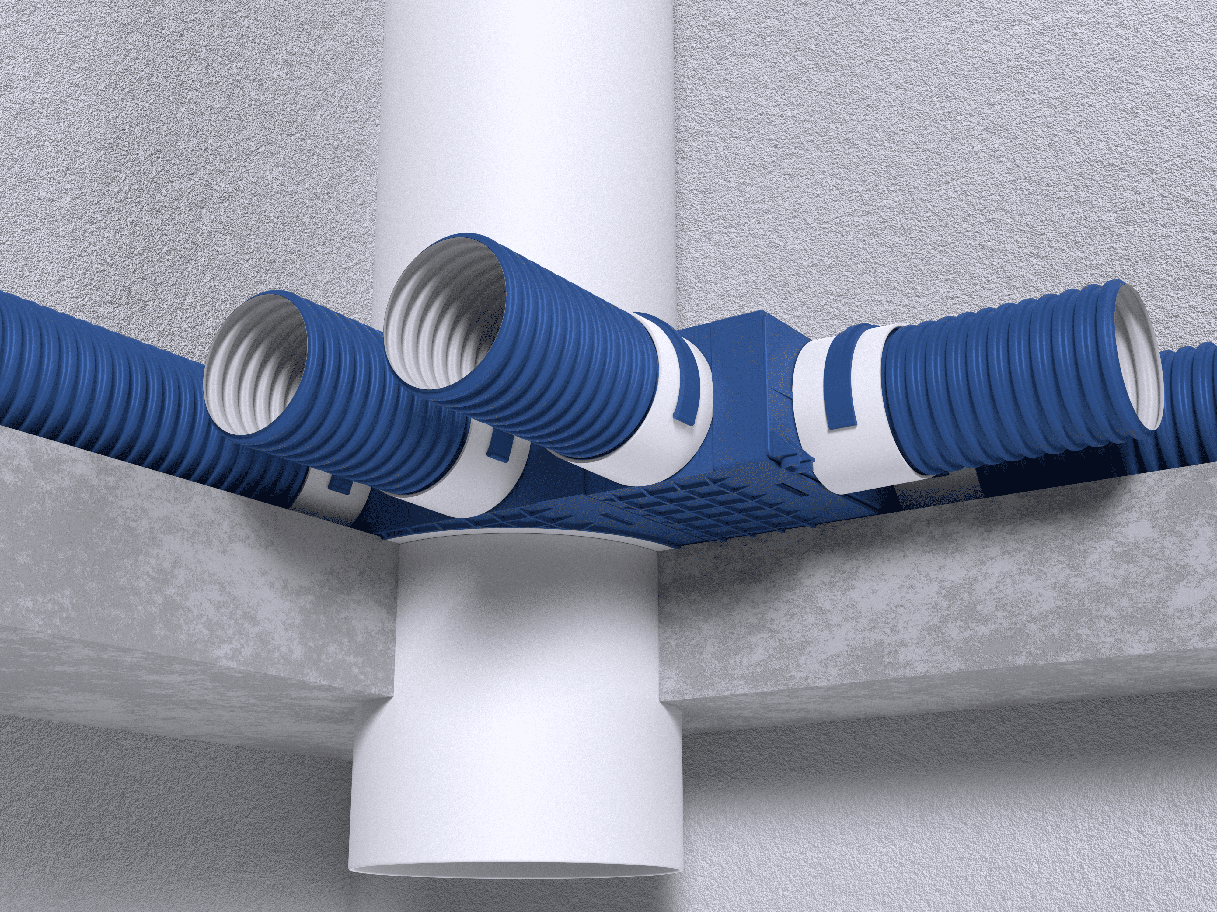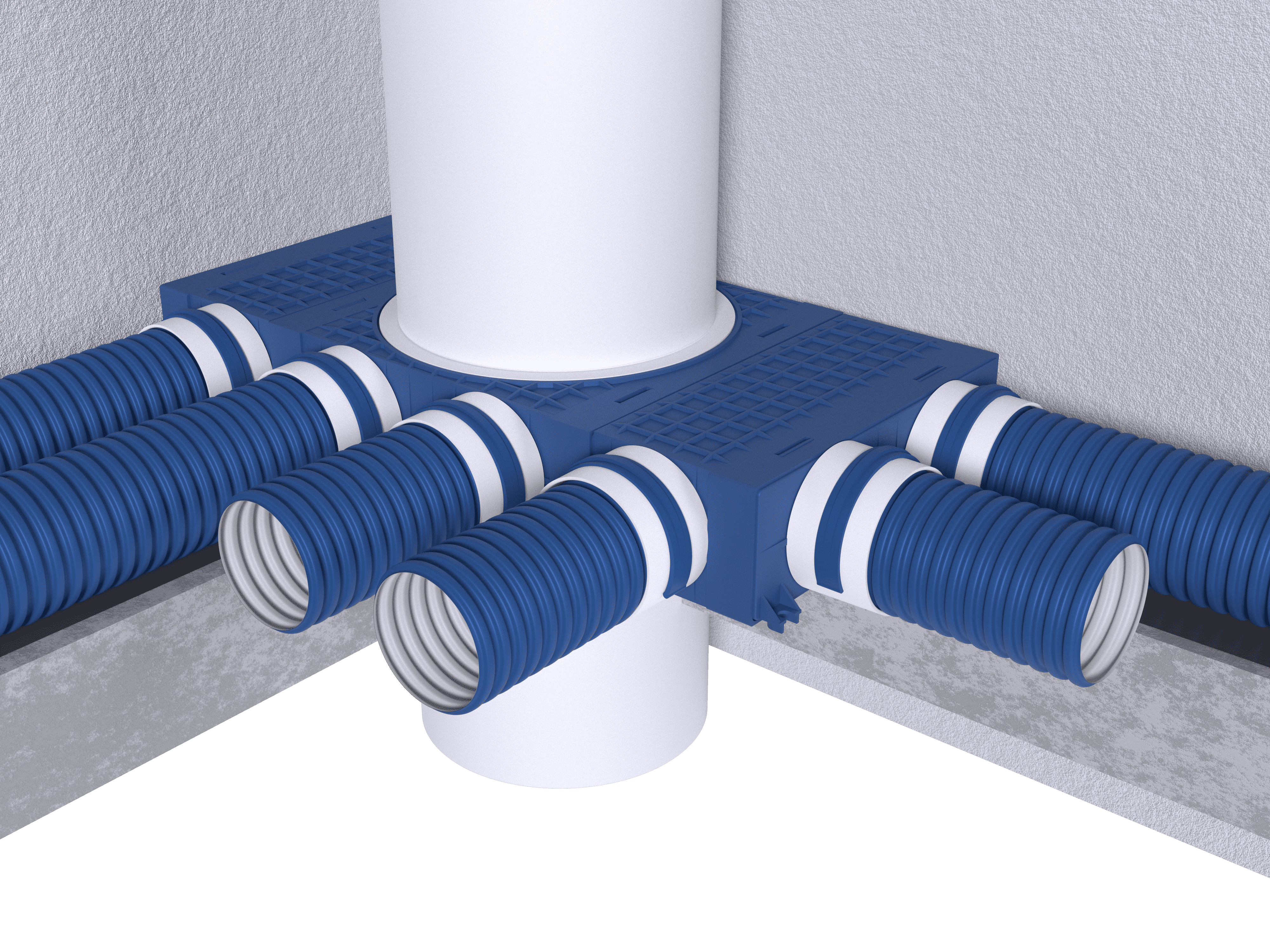 Moduł bazowy przelotowy (MPBVT+75) to nowa kształtka wchodząca w skład systemu VENTIFLEX PLUS, dzięki której można zbudować przelotowy rozdzielacz.
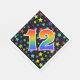 Den spännande, roligt och pulserande pappra napkin-designen har en färgstark stjärna fält mönster, tillsammans med siffran "12" med ett flerfärgat regnbågsspektrum som övertoning mönster, på en svart färgad. Pappra servetter av detta slag kan vara roligt till använda vid ett party-högtidlighållande av någons tolfte födelsedag, eller kanske ett pars tolfte bröllop-årsdag, eller någon annan 12:e-händelse. [~Z0000346]
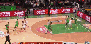 第二節后半段上海持續強殺遼寧內線,張鎮麟再獲2罰,付豪回敬拋投,洛夫頓中投、王哲林搶下籃板強起繼續軍訓莫蘭德,遼寧又是連續多個回合沒有得分,1分16秒古德溫外線干拔投進上海本場第一記三分;
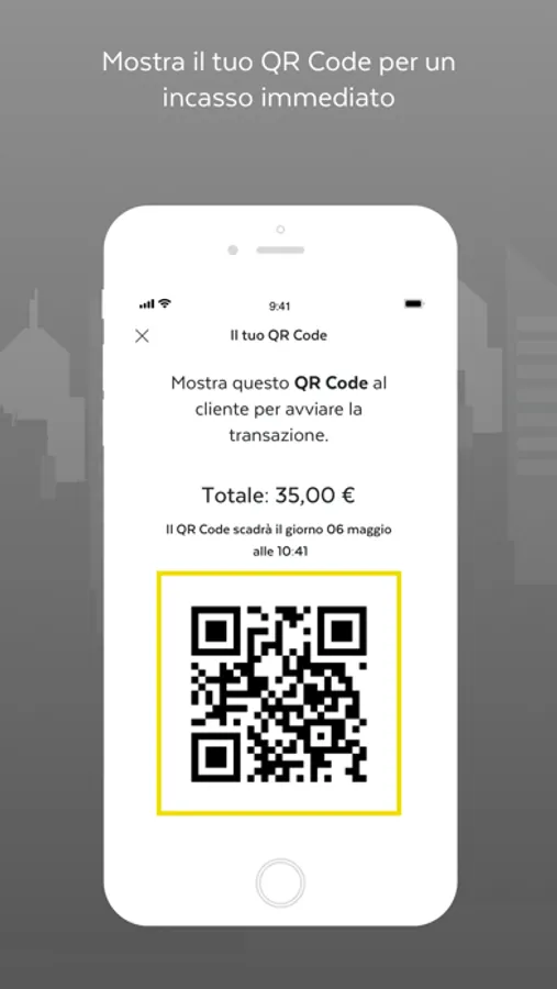 Associa all’App il QR Code che ti sarà consegnato in fase di sottoscrizione del servizio per accettare pagamenti con Codice Postepay
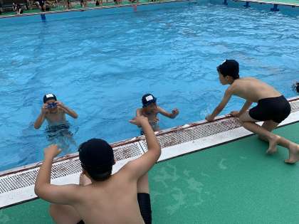 今日は1組と3組が水泳をしました。今できる泳ぎで長く泳ぐ,少し頑張ればできそうな泳ぎに挑戦するなど,一人一人が短い時間の中で考えながら臨んでいました。あと一回の水泳の授業です。みんなで晴れを願いましょう!
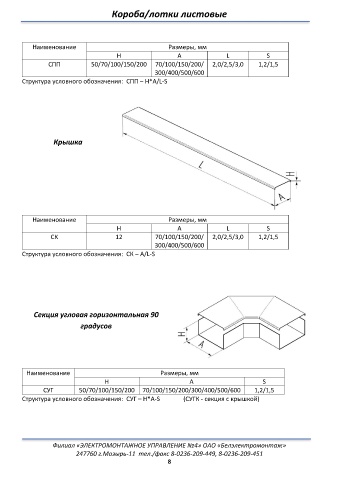 Структура условного обозначения: СУГ – H*A-S (СУГК - секция с крышкой)
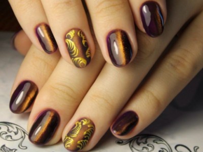 Також вензелі чудово виглядають на матовому покритті, на лаку з ефектом котячого ока, можна поєднувати контрастні кольори бази і візерунків, зробити візерунки градієнтними і повністю зліпити з гель-фарби… Словом, є варіанти на абсолютно будь-який смак і колір!
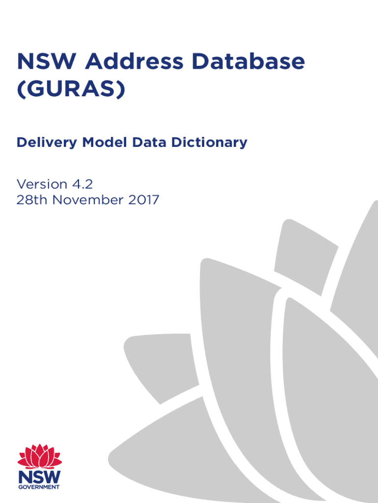 NSW Address Database (GURUS) Delivery Model Data Dictionary Version 4.2 28th November 2017Document summary This document details the delivery model for the NSW Address Database (GURUS) maintained
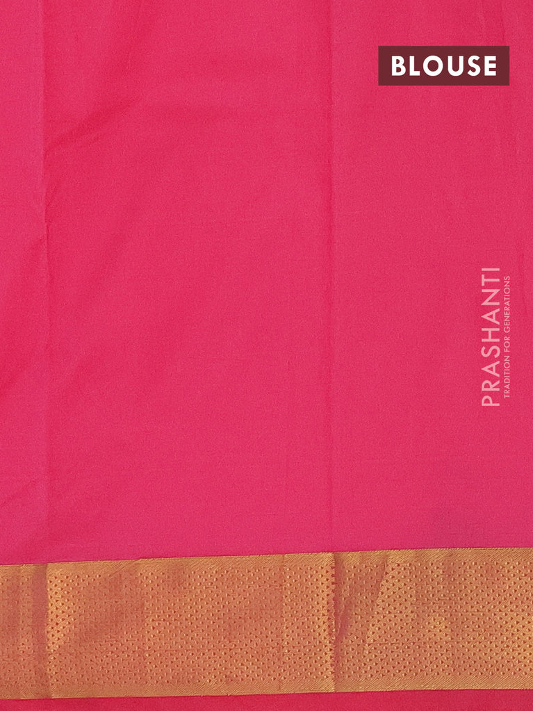 Arani semi silk saree dark magenta pink with silver zari woven buttas in borderless style
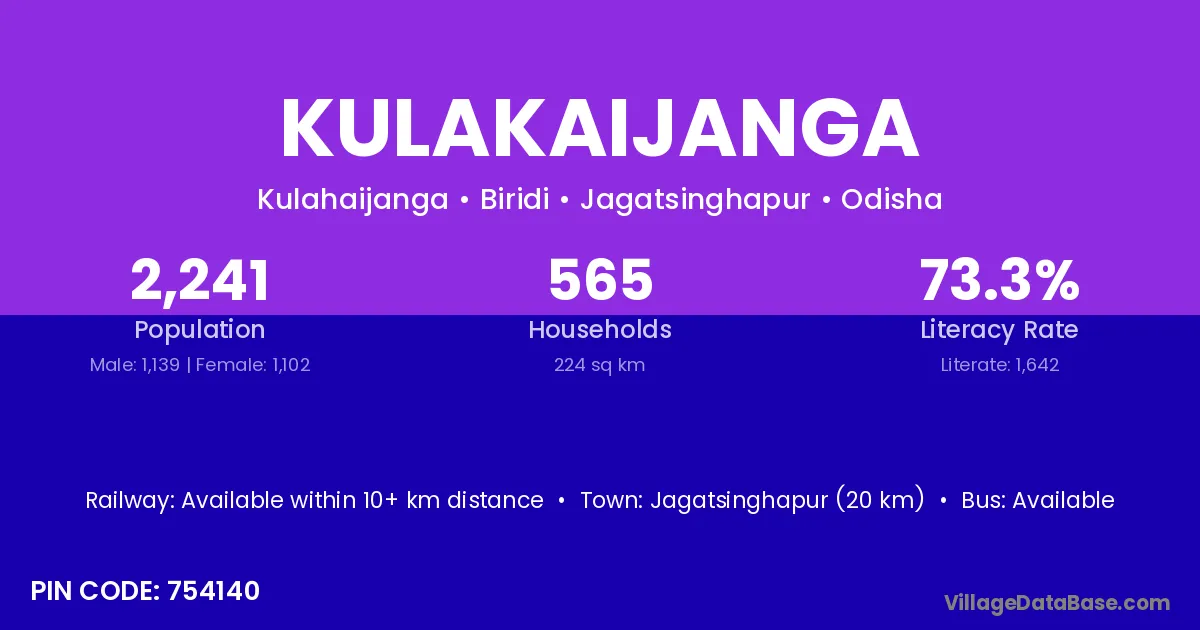 Jagatsinghapur (20 km) is the nearest town to Kulakaijanga village for major economic activities and is located approximately 20 km away.

_Exercise brief_: Go through the entries above and print each one exactly, minus the pictures.

_Answer section_:
 Moduł bazowy przelotowy (MPBVT+75) to nowa kształtka wchodząca w skład systemu VENTIFLEX PLUS, dzięki której można zbudować przelotowy rozdzielacz.
 Den spännande, roligt och pulserande pappra napkin-designen har en färgstark stjärna fält mönster, tillsammans med siffran "12" med ett flerfärgat regnbågsspektrum som övertoning mönster, på en svart färgad. Pappra servetter av detta slag kan vara roligt till använda vid ett party-högtidlighållande av någons tolfte födelsedag, eller kanske ett pars tolfte bröllop-årsdag, eller någon annan 12:e-händelse. [~Z0000346]
 第二節后半段上海持續強殺遼寧內線,張鎮麟再獲2罰,付豪回敬拋投,洛夫頓中投、王哲林搶下籃板強起繼續軍訓莫蘭德,遼寧又是連續多個回合沒有得分,1分16秒古德溫外線干拔投進上海本場第一記三分;
 Associa all’App il QR Code che ti sarà consegnato in fase di sottoscrizione del servizio per accettare pagamenti con Codice Postepay
 今日は1組と3組が水泳をしました。今できる泳ぎで長く泳ぐ,少し頑張ればできそうな泳ぎに挑戦するなど,一人一人が短い時間の中で考えながら臨んでいました。あと一回の水泳の授業です。みんなで晴れを願いましょう!
 Структура условного обозначения: СУГ – H*A-S (СУГК - секция с крышкой)
 Також вензелі чудово виглядають на матовому покритті, на лаку з ефектом котячого ока, можна поєднувати контрастні кольори бази і візерунків, зробити візерунки градієнтними і повністю зліпити з гель-фарби… Словом, є варіанти на абсолютно будь-який смак і колір!
 NSW Address Database (GURUS) Delivery Model Data Dictionary Version 4.2 28th November 2017Document summary This document details the delivery model for the NSW Address Database (GURUS) maintained
 Arani semi silk saree dark magenta pink with silver zari woven buttas in borderless style
 Jagatsinghapur (20 km) is the nearest town to Kulakaijanga village for major economic activities and is located approximately 20 km away.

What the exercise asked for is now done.